**Input data**
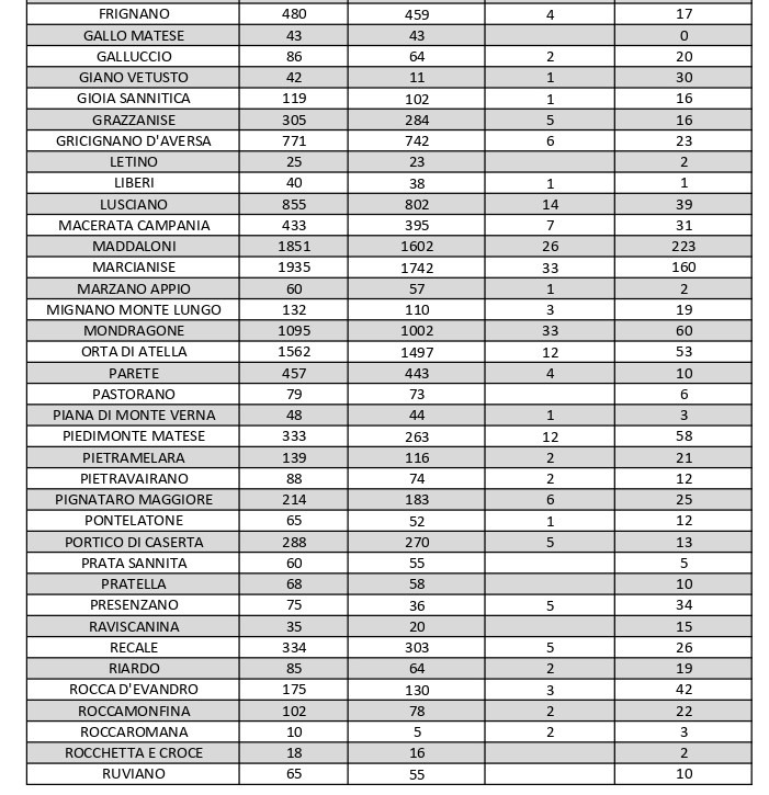 Al di fuori dell’Agro aversano, vanno segnalati i numeri, anche in questo caso più o meno stabili, relativi ad altri grossi centri della provincia, nei quali la situazione dei contagi attivi al momento è la seguente: ve ne sono 73 a Capua, 51 a Casagiove, 62 a Castel Volturno, 60 a Mondragone, 42 a Rocca d’Evandro, 44 a San Nicola la Strada, 66 a Santa Maria a Vico, 53 a Santa Maria Capua Vetere, 139 a Sessa Aurunca, 131 a Teano e 37 a Villa Literno.
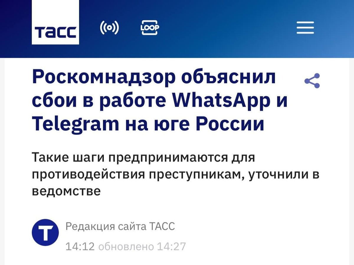 ⚡️ Роскомнадзор подтвердил частичную блокировку Telegram и WhatsApp в ряде регионов «для противодействия преступникам» — это официально
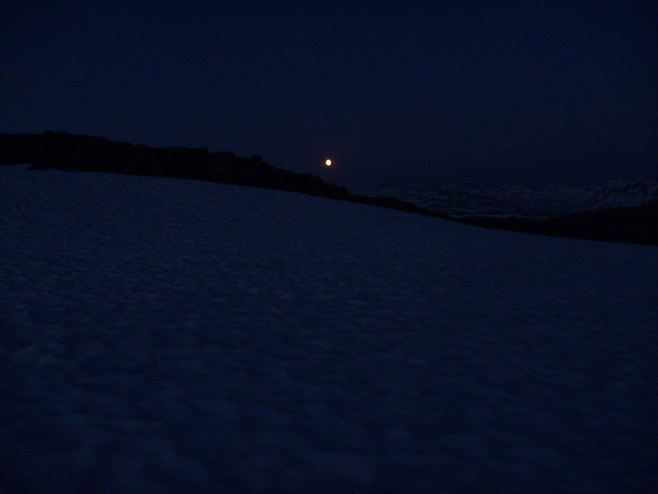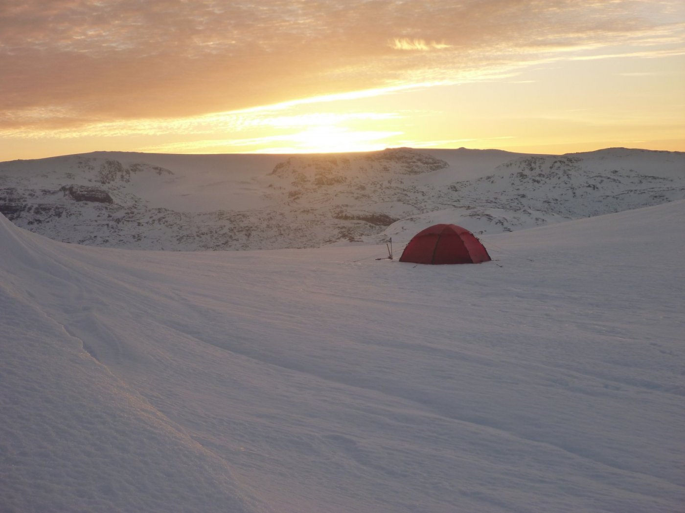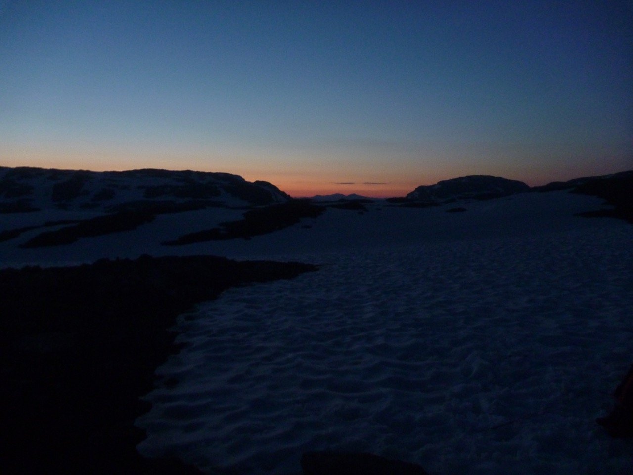 Lå to netter i telt noen få kilometer nordøst for Finse i helgen, på litt over 1500 moh, med utsikt mot Hardangerjøkulen. Knall vær, råtten og løs snø utpå ettermiddagene. Teltleir på høyden i bakgrunnen: Kveldsutsikt mot Hardangerjøkulen: Natt: Fjell og snø: Rødsildre og lav, og issoleie:

**Task goal**
Write the listing again exactly, duplicating every line and skipping the pictures.

**Output**
 Al di fuori dell’Agro aversano, vanno segnalati i numeri, anche in questo caso più o meno stabili, relativi ad altri grossi centri della provincia, nei quali la situazione dei contagi attivi al momento è la seguente: ve ne sono 73 a Capua, 51 a Casagiove, 62 a Castel Volturno, 60 a Mondragone, 42 a Rocca d’Evandro, 44 a San Nicola la Strada, 66 a Santa Maria a Vico, 53 a Santa Maria Capua Vetere, 139 a Sessa Aurunca, 131 a Teano e 37 a Villa Literno.
 ⚡️ Роскомнадзор подтвердил частичную блокировку Telegram и WhatsApp в ряде регионов «для противодействия преступникам» — это официально
 Lå to netter i telt noen få kilometer nordøst for Finse i helgen, på litt over 1500 moh, med utsikt mot Hardangerjøkulen. Knall vær, råtten og løs snø utpå ettermiddagene. Teltleir på høyden i bakgrunnen: Kveldsutsikt mot Hardangerjøkulen: Natt: Fjell og snø: Rødsildre og lav, og issoleie:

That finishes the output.